----
Several codebases I've known have provided a three-stage pipeline: unit tests, integration tests, and e2e tests. Each of these batches of tests depend on the creation of one of three environments, and the code being tested is what ends up in those environments. If you're interested in a particular failing test, you can use the associated environment and just iterate on the failing test.
For humans with a bit of tribal knowledge about the project, humans who have already solved the get-my-dev-environment-set-up problem in more or less uniform way, this works ok. Humans are better at retaining context over weeks and months, whereas you have to spin up a new session with an LLM every few hours or so. So we've created environments for ourselves that we ignore most of the time, but that are too complex to be bite sized for an agent that comes on the scene as a blank slate every few hours. There are too few steps from blank-slate to production, and each of them is too large.
But if successively more complex environments can be built on each other in arbitrarily many steps, then we could achieve finer granularity. As a nix user, my mental model for this is function composition where the inputs and outputs are environments, but an analogous model would be layers in a docker files where you test each layer before building the one on top of it.

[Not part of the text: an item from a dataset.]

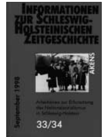
ISHZ Nr. 33/34, September 1998. Auflage: 500 Exemplare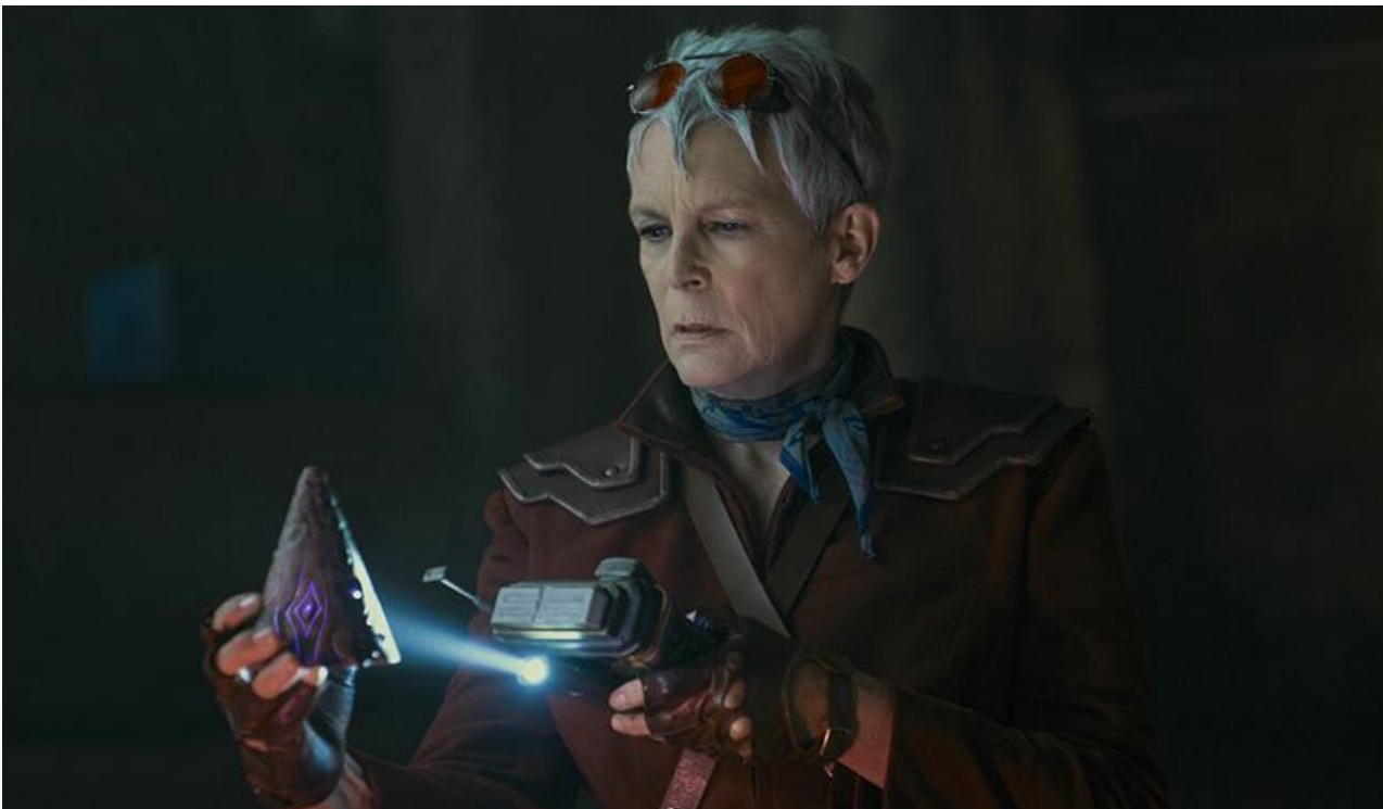
Джейми Ли Кёртис в фильме «Бордерлендс»

Общая касса топ-20 фильмов уикенда составила 247,1 миллиона рублей. Это на 29,91 % больше по сравнению с предыдущими выходными .

Instead of maybe three steps, there are eight or ten. The goal would be to have both whatever code builds the environment, and whatever code tests it, paired up into bite-sized chunks so that a failure in the pipeline points you a specific stage which is more specific that "the unit tests are failing". Ideally test coverage and implementation complexity get distributed uniformly across those stages.
Keeping the scope of the stages small maximizes the amount of your codebase that the LLM can ignore while it works. I have a flake output and nix devshell corresponding to each stage in the pipeline and I'm using pytest to mark tests based on which stage they should run in. So I run the agent from the devshell that corresponds with whichever stage is relevant at the moment, and I introduce it to onlythe tests and code that are relevant to that stage (the assumption being that all previous stages are known to be in good shape). Most of the time, it doesn't need to know that it's working stage 5 of 9, so it "feels" like a smaller codebase than it actually is.
If evidence emerges that I've engaged the LLM at the wrong stage, I abandon the session and start over at the right level (now 6 of 9 or somesuch).
You can use an LLM to help document a codebase, but it's still an arduous task because you do need to review and fix up the generated docs. It will make, sometimes glaring sometimes subtle, mistakes. And you want your documentation to provide accuracy rather than double down on or even introduce misunderstanding.
In future I'll go "In the name of our new darling bot, let us unit test and refactor this complicated thing".